Авроом-Мойше Бурнес, стоя возле него, курил одну папироску за другой; потом, отозвав гостя в кабинет, стал с ним советоваться:

— Как вы думаете, — пожалуй, следовало бы зайти теперь к реб Гедалье?

Вова, прошедший в кабинет вслед за отцом, прислушивался к разговору. Резник наморщил лоб:

— Что и говорить — понятно, следовало бы.

У Вовы гора свалилась с плеч. Он осторожно прокрался в темный коридор, туда, где висела его широкая дорожная доха, потихоньку оделся и бесшумно выскользнул на улицу.

Боковыми улочками пробирался он к дому Гурвицов. Ноги вязли в глубоком свежевыпавшем снегу, а полы длинной и широкой дохи оставляли следы, волочась по земле. Было тихо после метели. Все кругом — и белая молчаливая ночь, и редкие, кое-где освещенные домишки — притаилось в немом ожидании, кануло в белесоватый сонный сумрак. В каком-то боковом переулке послышался вдруг резкий стук калитки, и женщина, вышедшая оттуда, громко закричала, обращаясь к соседке:

— Ничего, может быть, Бог еще сжалится над реб Гедальей — такого ли человека не пожалеть…

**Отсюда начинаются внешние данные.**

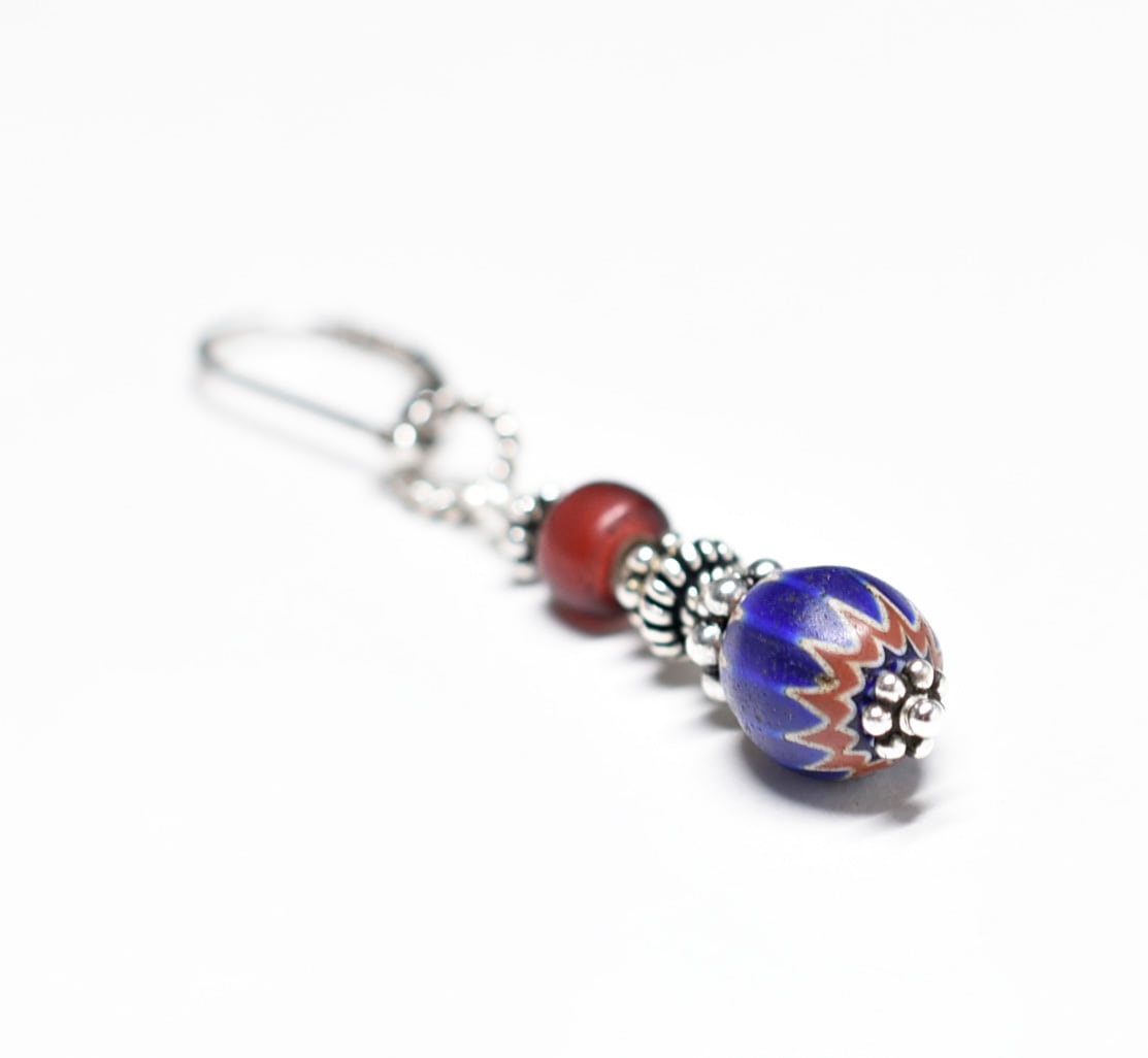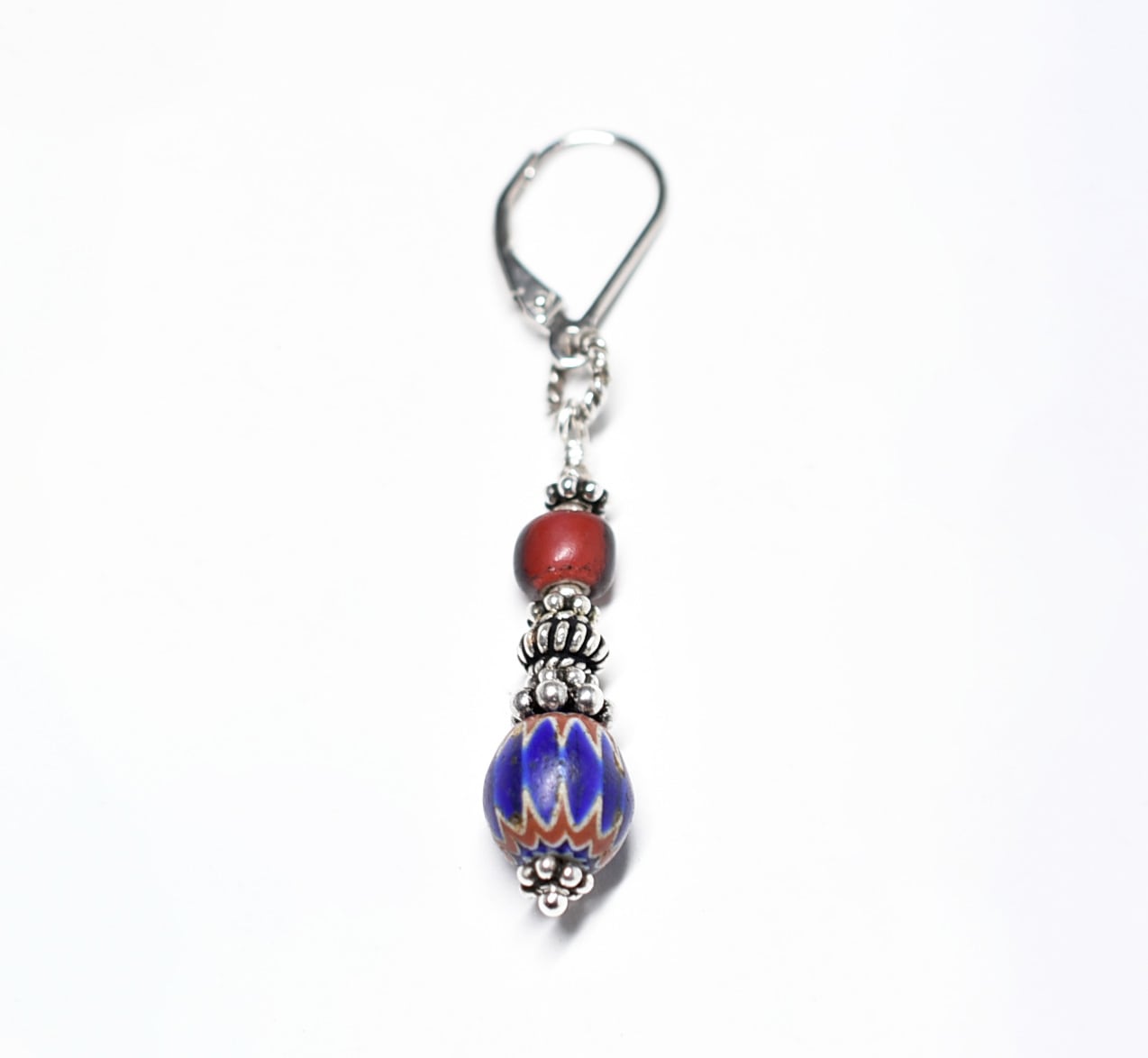 コロロンと丸いアンティークシェブロンビーズと金赤ホワイトハーツ、シルバービーズを繋いだ片耳ピアスです。

Вова увидел издали родственника Гурвицов, бывшего кассира, быстрым шагом направлявшегося к дому реб Гедальи, и поспешил вслед за ним:

— Одно только скажите: каково там? Плохо дело, а?

Кассир остановился и вздохнул:

— Да что уж хорошего? Беда, да и только.

Он, по-видимому, не удивился нисколько присутствию Вовы и говорил с ним, как с добрым приятелем реб Гедальи. Вова подошел ближе к дому; ему бросилась в глаза кучка людей, обступившая бывшего приказчика Гурвицов; приказчик рассказывал, что Гитл уже третьи сутки страдает невыносимой головной болью; сестра реб Гедальи неотлучно сидит подле нее в темной спальне и не позволяет ей подняться.